Welcome

I am glad you have taken time to visit!

Maybe you will find something you want to share about yourself, or perhaps you will be inspired to write about your ponderings over my ponderings!

I am a pastor of a small church in Columbia, PA.
My hope is that what I share here on these pages may open up some dialogue with others who may agree or disagree. What I feel is important is to be open to growing and learning from others and perhaps have a chance to understand perspectives and ponderings from others.

So, grab a cup of coffee or tea, sit for awhile and let's take time to get to know one another.

Tuesday, April 3, 2012

Struggling with Good Friday



There was a time in my life when I struggled with understanding Holy Week, especially the services that seemed to value what I understood as the unjustifiable punishment and death of One who was innocent. In avoiding the services that moved through Holy Week, I believed that they were nothing more than depression sessions, used to manipulate the guilty into feeling more guilt. For me, Jesus was found in Easter, the resurrection and New Life that is birthed through His living.
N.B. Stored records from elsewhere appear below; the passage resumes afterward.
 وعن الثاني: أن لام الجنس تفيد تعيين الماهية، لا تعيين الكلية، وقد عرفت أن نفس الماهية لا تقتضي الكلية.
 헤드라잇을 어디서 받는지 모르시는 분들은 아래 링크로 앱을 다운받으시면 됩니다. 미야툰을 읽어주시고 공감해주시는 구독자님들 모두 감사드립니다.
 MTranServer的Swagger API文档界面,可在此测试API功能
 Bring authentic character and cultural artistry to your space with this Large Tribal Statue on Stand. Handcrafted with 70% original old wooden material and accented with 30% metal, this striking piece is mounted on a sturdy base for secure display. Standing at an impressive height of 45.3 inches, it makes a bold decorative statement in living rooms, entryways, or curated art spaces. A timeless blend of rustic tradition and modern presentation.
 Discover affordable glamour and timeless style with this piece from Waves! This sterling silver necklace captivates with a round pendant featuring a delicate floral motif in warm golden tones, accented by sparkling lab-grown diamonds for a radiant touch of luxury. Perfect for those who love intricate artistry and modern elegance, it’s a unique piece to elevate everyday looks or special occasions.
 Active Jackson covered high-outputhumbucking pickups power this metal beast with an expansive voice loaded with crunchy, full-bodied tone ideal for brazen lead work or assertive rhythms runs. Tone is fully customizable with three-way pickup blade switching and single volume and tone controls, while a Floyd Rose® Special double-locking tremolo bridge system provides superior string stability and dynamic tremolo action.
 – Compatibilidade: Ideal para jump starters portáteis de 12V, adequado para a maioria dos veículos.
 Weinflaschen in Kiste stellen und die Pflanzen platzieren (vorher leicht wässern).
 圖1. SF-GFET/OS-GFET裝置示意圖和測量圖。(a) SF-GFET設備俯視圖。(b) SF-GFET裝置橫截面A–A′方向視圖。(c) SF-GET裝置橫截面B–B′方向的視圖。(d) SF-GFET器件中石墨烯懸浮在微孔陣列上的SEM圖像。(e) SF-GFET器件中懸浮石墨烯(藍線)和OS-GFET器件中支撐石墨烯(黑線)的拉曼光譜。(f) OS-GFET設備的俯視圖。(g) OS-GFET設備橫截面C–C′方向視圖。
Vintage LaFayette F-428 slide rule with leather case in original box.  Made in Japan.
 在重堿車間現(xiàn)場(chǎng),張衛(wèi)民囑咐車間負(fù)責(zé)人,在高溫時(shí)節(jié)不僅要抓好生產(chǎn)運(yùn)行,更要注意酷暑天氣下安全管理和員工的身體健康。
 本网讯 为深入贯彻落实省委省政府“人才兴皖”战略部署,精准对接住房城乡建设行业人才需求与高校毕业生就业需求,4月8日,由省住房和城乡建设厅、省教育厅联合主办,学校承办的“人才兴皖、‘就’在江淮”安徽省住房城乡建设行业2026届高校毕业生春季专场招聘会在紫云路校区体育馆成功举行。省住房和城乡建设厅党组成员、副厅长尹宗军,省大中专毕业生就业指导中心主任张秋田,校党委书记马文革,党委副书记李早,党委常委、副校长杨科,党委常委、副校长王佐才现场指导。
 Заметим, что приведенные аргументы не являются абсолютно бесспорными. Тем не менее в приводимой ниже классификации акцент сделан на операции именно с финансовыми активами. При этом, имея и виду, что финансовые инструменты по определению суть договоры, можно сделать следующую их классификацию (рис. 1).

In recent years, though, having to lead worship and bring the story to life to my church, I have had to struggle with how to honestly portray something that I truly resist. There are so many more questions that have been born within me because I have allowed myself to face my resistance and wrestle with it. As time has gone on, I have allowed myself to appreciate those for whom these services really mean a lot. At first, I found value in the services only out of my love of those in my congregation who seem to have their faith rekindled through them.Although my faith is rekindled with more of a resurrection focus, I feel that in order to honestly pastor a congregation, I need to allow myself to explore the entire realm of which faith is born within all of my parishioners. As I have struggled with texts that I resist, I am beginning to discover something. It is out of struggling with things that do not make sense to us that our faith is strengthened. Through what I saw as depressing and death focused, I now am able to more fully value as a way to allow New Life to be born within me.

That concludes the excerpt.